• YOUR ASSIGNMENT: Please set down only the lines running from the one with "Men's New Handmade" through the last line of the entries, exactly as written and without any pictures.

-.-.-

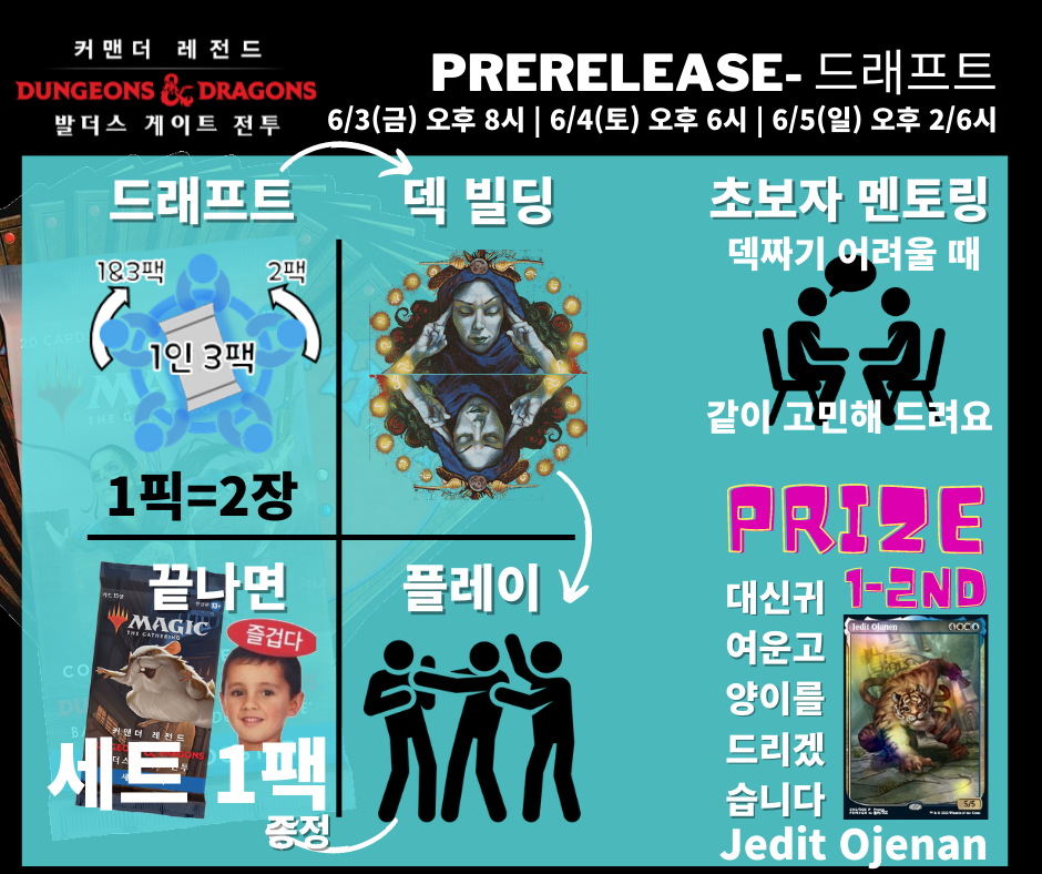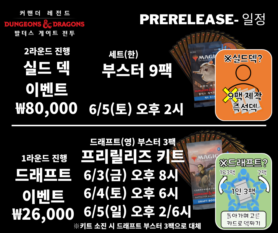 이번 프리릴리즈는 커맨더 포맷의 특성상 다인전 이벤트이며, 드래프트와 실덱으로 진행됩니다.
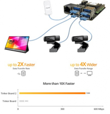 Tinker Board 2では、従来機のUSB2.0の4ポートから、搭載された3つすべてのUSBボート(Type-A)がUSB3.2に対応し、更にType-Cのポートが1つ搭載され、伝送速度が大きく改善した他、USBの給電性能もType-Aポートが0.9A、Type-Cポートが1.5Aに向上しています。
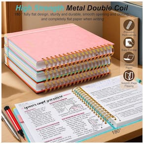 Este caderno universitário espiral GDGDSY em formato B5 8 x 10 reúne 5 seções em um único volume com 300 páginas pautadas, adequado para anotações de estudo, trabalho e planejamento pessoal. A capa dura em couro sintético com cantos metálicos dourados reforçados protege o conteúdo contra desgaste no uso diário.
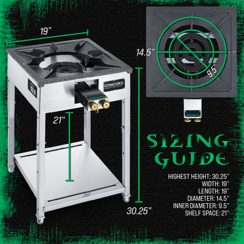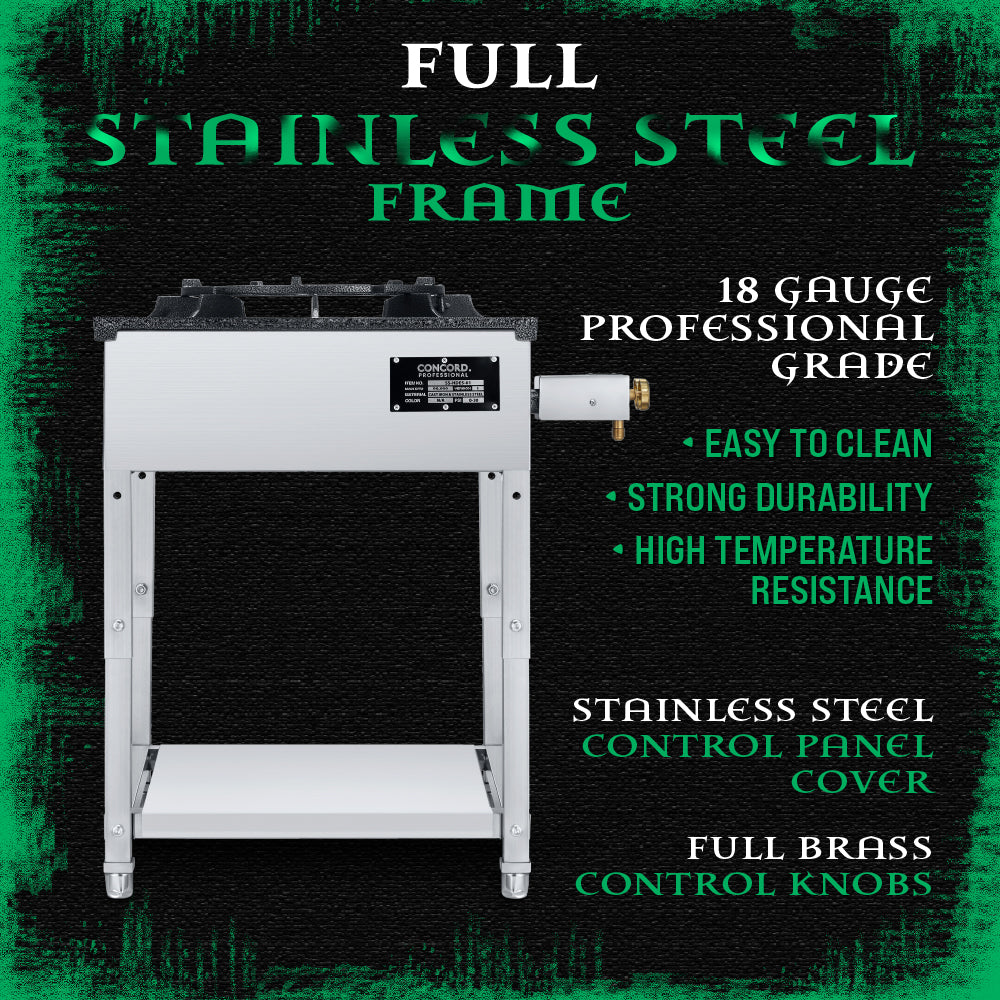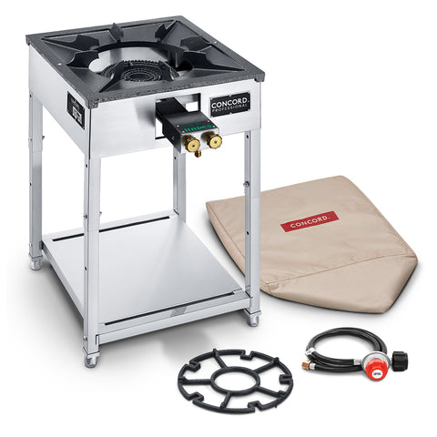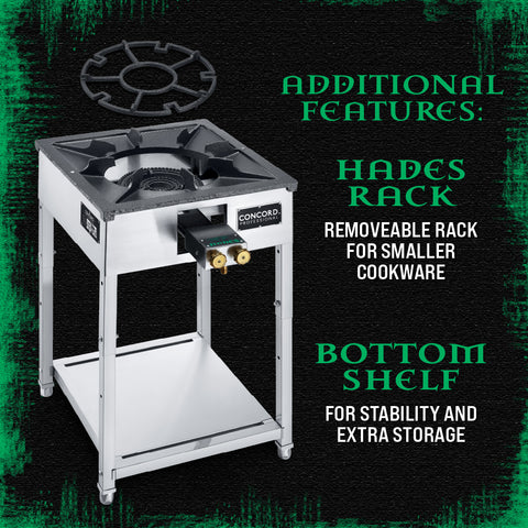 The HADES Stove is Concord's newest line of commercial propane ranges, featuring a full stainless steel frame with a solid cast iron range top and grates.
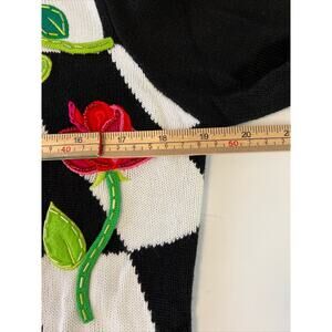 Embellished Red Roses Check Cardigan Sequin Size Small Black White Embroidery
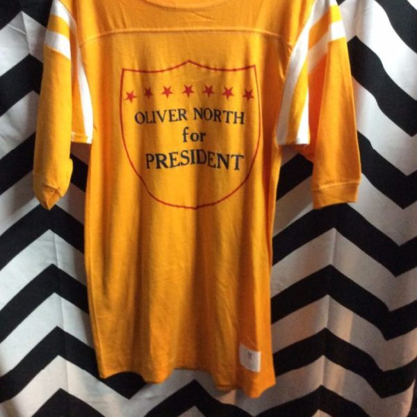 RETRO T-SHIRT – RINGER TEE – OLIVER NORTH FOR PRESIDENT – STRIPED DESIGN ON SHOULDERS
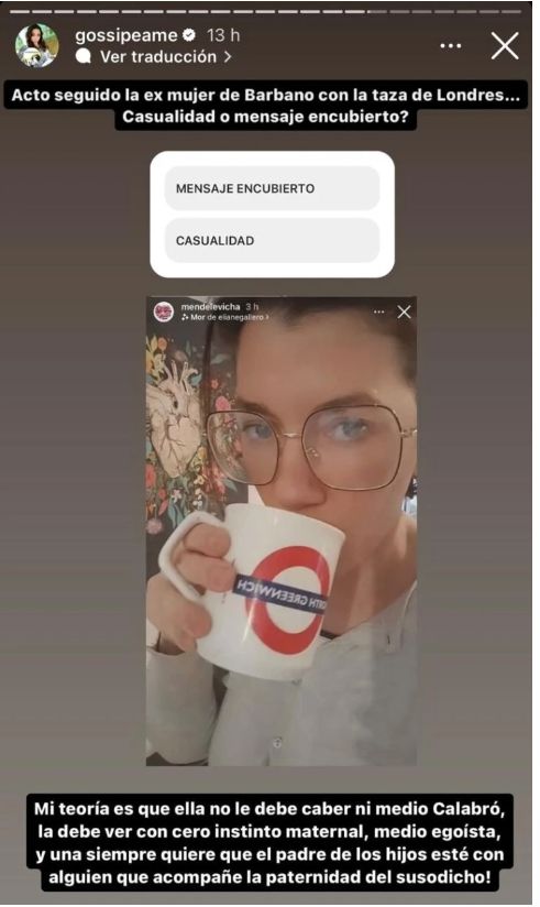 A esa información que emergió a la luz de la mano de Tauro se produjo un movimiento muy peculiar de la ex esposa de Barbano. Resulta que Micaela Mendelevich utilizó su perfil oficial de Instagram para colgar una storie con una foto, que algunos interpretaron como una ironía para Marina.
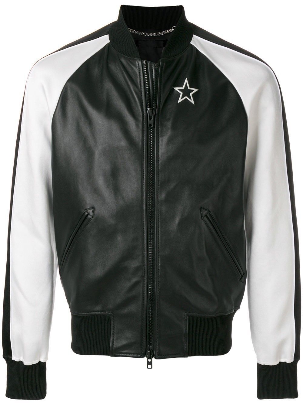 Men's New Handmade Black & White Bomber Sheep Leather Biker Style Jacket
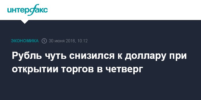 Москва. 30 июня. INTERFAX.RU - Рубль чуть снизился к доллару на Московской бирже в начале торгов четверга.
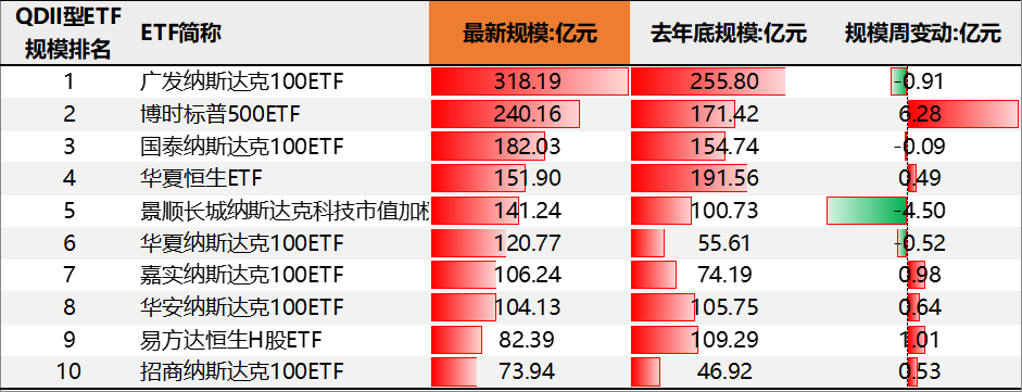 规模前十的QDII型ETF中,增长最多的是博时标普500ETF,增长6.28亿元,减少最多的是景顺长城纳斯达克科技市值加权ETF,减少-4.50亿元。
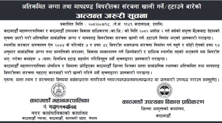 काठमाडौं महानगरपालिका क्षेत्रभित्र र सिमाना जोडिएका काठमाडौं जिल्ला भित्रका सार्वजनिक स्थानका अतिक्रमित तथा मापदण्ड विपरीतका संरचना नहटाए कारबाही गर्ने चेतावनी समेत दिइएको छ ।
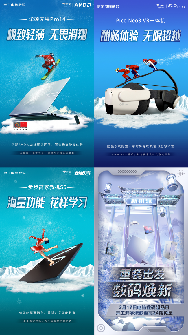 本次京东开年活动以“重装出发 数码焕新”为榜单会场主题,其中开新必备、送礼攻略和教育神器榜单更是完美解决了当下年轻人对于开学季、复工季、情人节的购物困扰,该榜单会场总阅览量高达111.5w+。

-.-.-

• TASK ANSWER:
 Men's New Handmade Black & White Bomber Sheep Leather Biker Style Jacket
 Москва. 30 июня. INTERFAX.RU - Рубль чуть снизился к доллару на Московской бирже в начале торгов четверга.
 规模前十的QDII型ETF中,增长最多的是博时标普500ETF,增长6.28亿元,减少最多的是景顺长城纳斯达克科技市值加权ETF,减少-4.50亿元。
 काठमाडौं महानगरपालिका क्षेत्रभित्र र सिमाना जोडिएका काठमाडौं जिल्ला भित्रका सार्वजनिक स्थानका अतिक्रमित तथा मापदण्ड विपरीतका संरचना नहटाए कारबाही गर्ने चेतावनी समेत दिइएको छ ।
 本次京东开年活动以“重装出发 数码焕新”为榜单会场主题,其中开新必备、送礼攻略和教育神器榜单更是完美解决了当下年轻人对于开学季、复工季、情人节的购物困扰,该榜单会场总阅览量高达111.5w+。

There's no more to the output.